Just a quick note to let ya’ll know I am back from my work trip and regular postings will resume, at least until my next trip.
I’ve written about my anxiety before and one of the annoying things about anxiety is that a scenario can pop into my head that isn’t likely to happen or if it DOES, it’s probably not going to happen in the way I am afraid it will. Anxiety kicks in (for me, at least) due to unlikely potential situations and although I try to be rational and tell myself that almost every single thing I obsess over never happens, it does little to ease my mind. That being said, I had a feeling this would be a challenging trip and it was, but like almost every situation, it was challenging in different ways than I expected.

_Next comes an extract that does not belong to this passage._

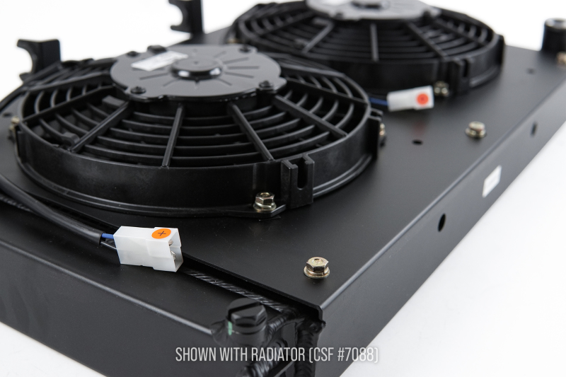 While the OEM Fans are functional, they are still a design dating back to the 1980's and leave plenty of room for improvement. Electric fan technology has progressed a lot over the years and newer fans can efficiently move more air with a lower drawn on your car's electrical system. The laser cut shroud ensures the most efficient function of the fans drawing air through the radiator. The low profile dual 9-inch SPAL fans move 1180 CFM of air. The Fan & Shroud kit is designed to fit the CSF #7088 Radiator but will also fit OEM 944 NA Radiators. These fans have standard SPAL connectors but can be rewired for OEM connectors during installation.

When I travel for work it’s usually because of the final days of a project my team is working on. We were always going to come up for short for this particular project so that wasn’t a surprise, but despite that, part of me was looking forward to the trip. It would be an opportunity to see my team, go to a few restaurants I enjoy, and do some shopping. But as a t-girl knows, the most carefully laid plans can go awry. Most of my team was out with COVID so there was extra work that needed to be done because of that. I wasn’t able to see my co-workers (who I generally like), and the additional time at work meant less time to do non-work stuff. I wasn’t able to do as much shopping as I was hoping to do. It’s fun to buy new lingerie to wear in my hotel room, for example.
After five days or so of solid work, I was able to do a little shopping. By the time I was able to enjoy a little free time, I was craaaaaabby. I was tired, I was feeling drained. I visited the normal places when I travel, such as book stores and of course, a little lingerie shop. I found some really cute panties and a few other things that caught my eye but I left without purchasing anything. See? I told you I was crabby.
I had an early dinner or late lunch (depending on how you looked at it). I wasn’t used to being in a different time zone so my internal clock was off. By the time I returned to my hotel room, I had eaten, I had stepped away from the doomed work project, and my mood had stabilized so I was able to unwind. I sat in my room and just stayed silent for a while. I thought about last year, I thought about my co-workers, I thought about the pandemic, I thought about work. I thought about the new year. I’ve been learning a lot about life through the pandemic and like a lot of us, was reminded that life is short, but I also remembered that our quality of life is also limited. I may live a long time, but being healthy enough to live my life as I’d like to is also short.
And yes, I know not everything is about lingerie or crossdressing or gender. But everything IS about being true to yourself and being happy. As I sat in my room and watched the day end, I realized I should have bought the panties. I should have treated myself to new lingerie. Although none of us are promised a tomorrow, tomorrow is always more fun when you have new panties to look forward to. And yes, I know this is shallow.
That’s all I have to say for now. Life is short. Buy the panties. And the heels. And the dress.